[Satellite6] candlepin not working, hammer ping returns 404 on candlepin

Solution Verified - Updated -

Environment

  • Red Hat Satellite 6

Issue

  • various actions related to subscriptions (like content host register, managing manifest or so) are failing
  • hammer ping returns 404 error on candlepin
  • candlepin logs having exceptions in sending messages to qpid broker

Resolution

To resolve the problem

Ensure virt-who is not misconfigured and sending subscription status too frequently to Satellite / candlepin. See this solution for more.

Ensure foreman tasks have the ListenOnCandlepinEvents task running (in WebUI, go to Monitor -> Tasks -> apply filter "label = Actions::Candlepin::ListenOnCandlepinEvents" and check if there is exactly one task running).

Only on Satellite 6.1, ensure further gutterball is running properly by inspecting /var/log/gutterball/gutterball.log file.

To alleviate the problem

Optionally, after/in parallel to identifying the root cause, temporarily allow qpid broker to buffer more messages from candlepin to katello (or in Sat6.1, also audit logs that candlepin sends to gutterbal) via the broker.

  • Add to /etc/qpid/qpidd.conf:
default-queue-limit=0
  • Apply the change:
service qpidd restart
  • Monitor qpidd process memory usage, since it can take a lot due to the necessity to keep in memory much more messages for the candlepin->katello (or candlepin->gutterball in Sat6.1) communication. In case it consumes too much memory, revert the change to prevent out-of-memory issues.

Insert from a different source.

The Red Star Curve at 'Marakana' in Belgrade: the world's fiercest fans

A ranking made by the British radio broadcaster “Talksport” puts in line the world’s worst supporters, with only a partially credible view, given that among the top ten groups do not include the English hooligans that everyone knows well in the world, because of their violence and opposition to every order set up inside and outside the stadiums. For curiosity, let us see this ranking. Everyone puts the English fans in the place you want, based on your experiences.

  • Monitor message depth of qpid broker queue katello_event_queue (or also $(hostname -f):event on Sat6.1) that will buffer the messages / audits from candlepin to katello (or also to gutterball on Sat6.1):

qpid-stat --ssl-certificate=/etc/pki/katello/qpid_client_striped.crt -b amqps://localhost:5671 -q katello_event_queue
qpid-stat --ssl-certificate=/etc/pki/katello/qpid_client_striped.crt -b amqps://localhost:5671 -q $(hostname -f):event

where queue-depth should be decreasing over the time. If it is not, then the root cause has not been resolved yet.

Root Cause

Candlepin failed to send subscription event to katello (or also an audit log to gutterball in Sat6.1) via qpid broker that has buffered maximal number of messages in its relevant queue. This can be caused by either foreman-tasks not running ListenOnCandlepinEvents task, (or also gutterball not working properly in Sat6.1), or candlepin sending the audits too frequently - this usually means some virt-who instance reports subscriptions status too often.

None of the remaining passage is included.